====== RECORDS FOR THIS TASK ======

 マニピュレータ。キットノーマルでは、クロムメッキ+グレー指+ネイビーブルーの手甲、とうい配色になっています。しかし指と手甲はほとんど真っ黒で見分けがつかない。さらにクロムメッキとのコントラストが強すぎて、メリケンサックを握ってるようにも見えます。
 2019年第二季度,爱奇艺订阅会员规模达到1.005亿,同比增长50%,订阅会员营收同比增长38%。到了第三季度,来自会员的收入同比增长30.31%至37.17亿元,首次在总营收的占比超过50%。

======
====== RECORDS FOR THIS TASK ======

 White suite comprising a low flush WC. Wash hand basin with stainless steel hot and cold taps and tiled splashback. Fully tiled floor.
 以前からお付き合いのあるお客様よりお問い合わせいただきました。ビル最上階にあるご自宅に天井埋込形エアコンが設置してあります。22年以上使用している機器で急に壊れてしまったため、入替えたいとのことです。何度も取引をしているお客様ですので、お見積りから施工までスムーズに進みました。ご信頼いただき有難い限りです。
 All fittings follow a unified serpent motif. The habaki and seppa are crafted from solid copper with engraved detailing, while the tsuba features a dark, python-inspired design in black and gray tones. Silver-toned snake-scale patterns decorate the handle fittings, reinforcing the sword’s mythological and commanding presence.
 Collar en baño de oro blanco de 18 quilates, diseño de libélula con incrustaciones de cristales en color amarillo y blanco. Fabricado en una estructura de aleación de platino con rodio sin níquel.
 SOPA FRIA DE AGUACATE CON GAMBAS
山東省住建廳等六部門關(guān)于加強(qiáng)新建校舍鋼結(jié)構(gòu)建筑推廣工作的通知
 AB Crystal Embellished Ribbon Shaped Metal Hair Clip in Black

======
====== RECORDS FOR THIS TASK ======

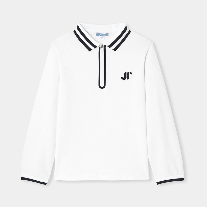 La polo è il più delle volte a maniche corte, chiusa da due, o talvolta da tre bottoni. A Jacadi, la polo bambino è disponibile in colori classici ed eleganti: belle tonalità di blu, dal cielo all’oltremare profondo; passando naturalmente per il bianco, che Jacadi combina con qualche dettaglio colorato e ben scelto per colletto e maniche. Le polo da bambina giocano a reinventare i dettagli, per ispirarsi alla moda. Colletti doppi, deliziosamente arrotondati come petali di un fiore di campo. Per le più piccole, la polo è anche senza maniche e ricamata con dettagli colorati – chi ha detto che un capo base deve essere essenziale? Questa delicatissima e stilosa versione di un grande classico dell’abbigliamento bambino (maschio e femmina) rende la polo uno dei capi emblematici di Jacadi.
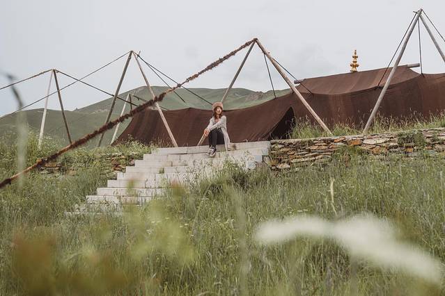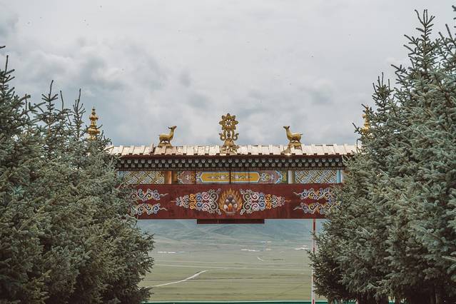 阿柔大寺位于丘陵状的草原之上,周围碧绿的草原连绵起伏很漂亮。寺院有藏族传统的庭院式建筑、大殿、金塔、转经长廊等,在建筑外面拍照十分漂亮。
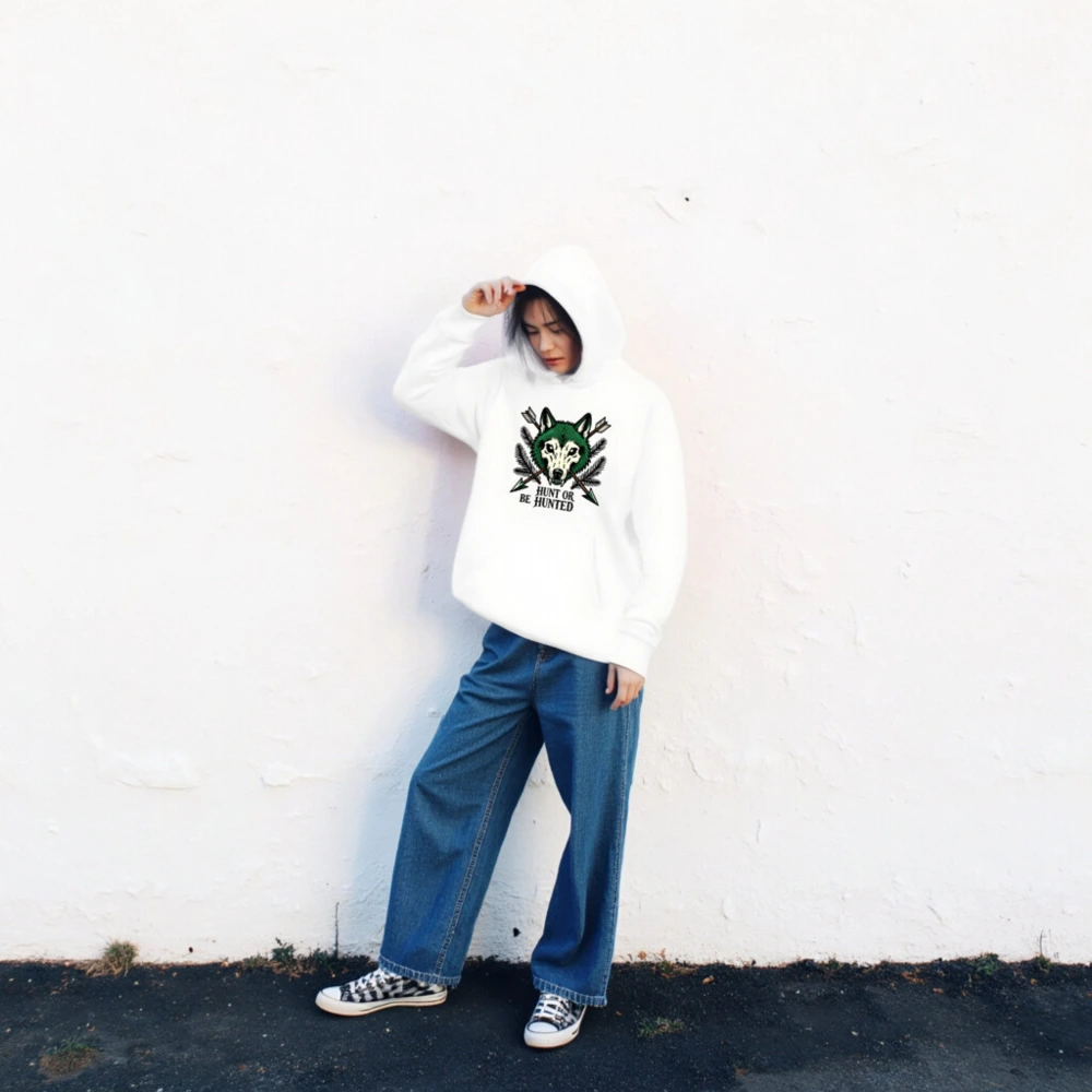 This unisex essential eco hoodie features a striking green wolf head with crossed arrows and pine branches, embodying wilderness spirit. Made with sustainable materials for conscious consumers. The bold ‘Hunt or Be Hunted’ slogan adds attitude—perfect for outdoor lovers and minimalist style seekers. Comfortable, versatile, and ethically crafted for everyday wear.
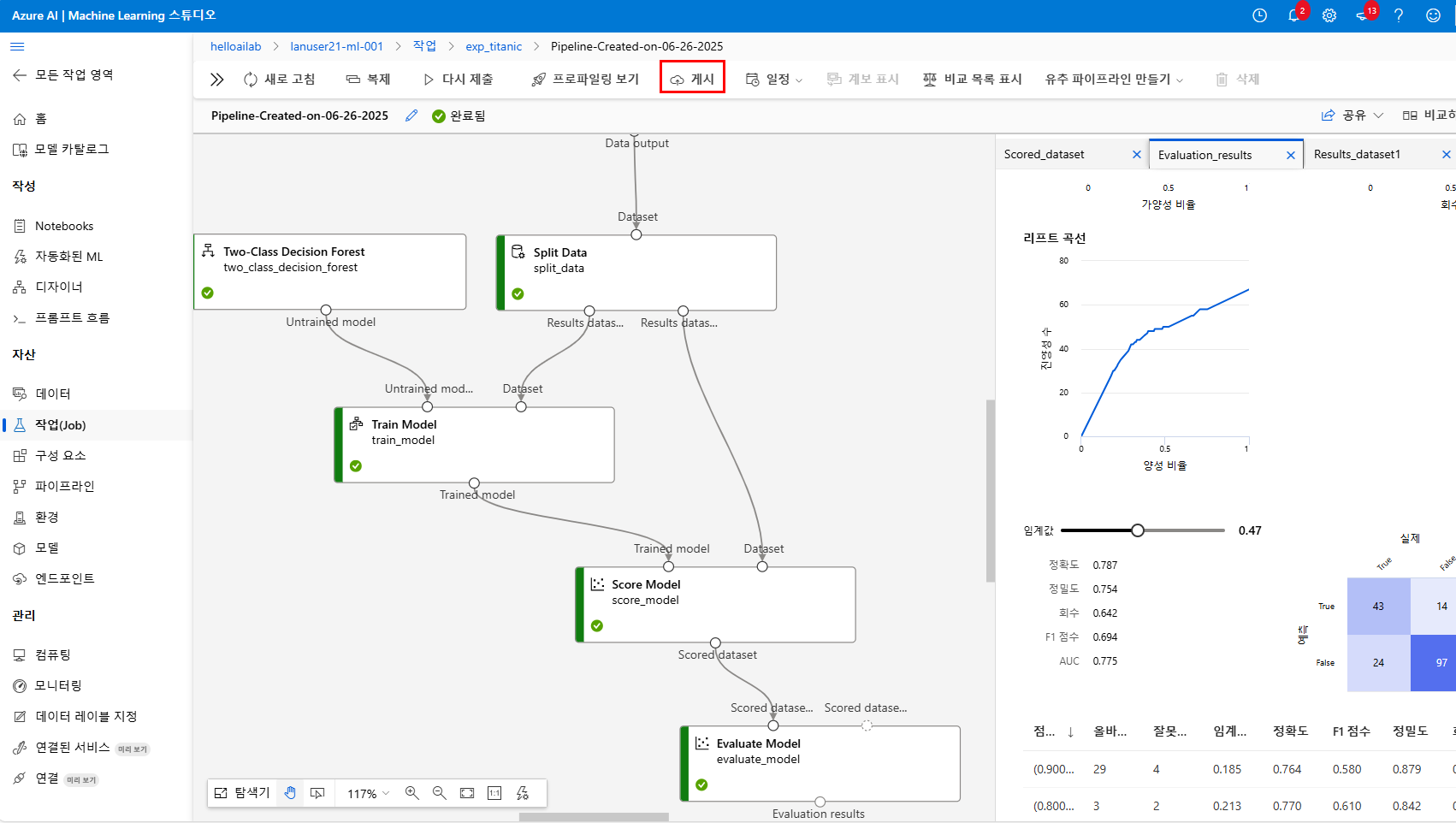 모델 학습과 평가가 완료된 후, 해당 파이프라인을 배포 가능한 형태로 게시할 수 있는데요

======

### WHAT TO DO
Find "White suite comprising" in the entries above and copy that whole line exactly, then each line after it through the line that contains "All fittings follow".

### ANSWER BOX
 White suite comprising a low flush WC. Wash hand basin with stainless steel hot and cold taps and tiled splashback. Fully tiled floor.
 以前からお付き合いのあるお客様よりお問い合わせいただきました。ビル最上階にあるご自宅に天井埋込形エアコンが設置してあります。22年以上使用している機器で急に壊れてしまったため、入替えたいとのことです。何度も取引をしているお客様ですので、お見積りから施工までスムーズに進みました。ご信頼いただき有難い限りです。
 All fittings follow a unified serpent motif. The habaki and seppa are crafted from solid copper with engraved detailing, while the tsuba features a dark, python-inspired design in black and gray tones. Silver-toned snake-scale patterns decorate the handle fittings, reinforcing the sword’s mythological and commanding presence.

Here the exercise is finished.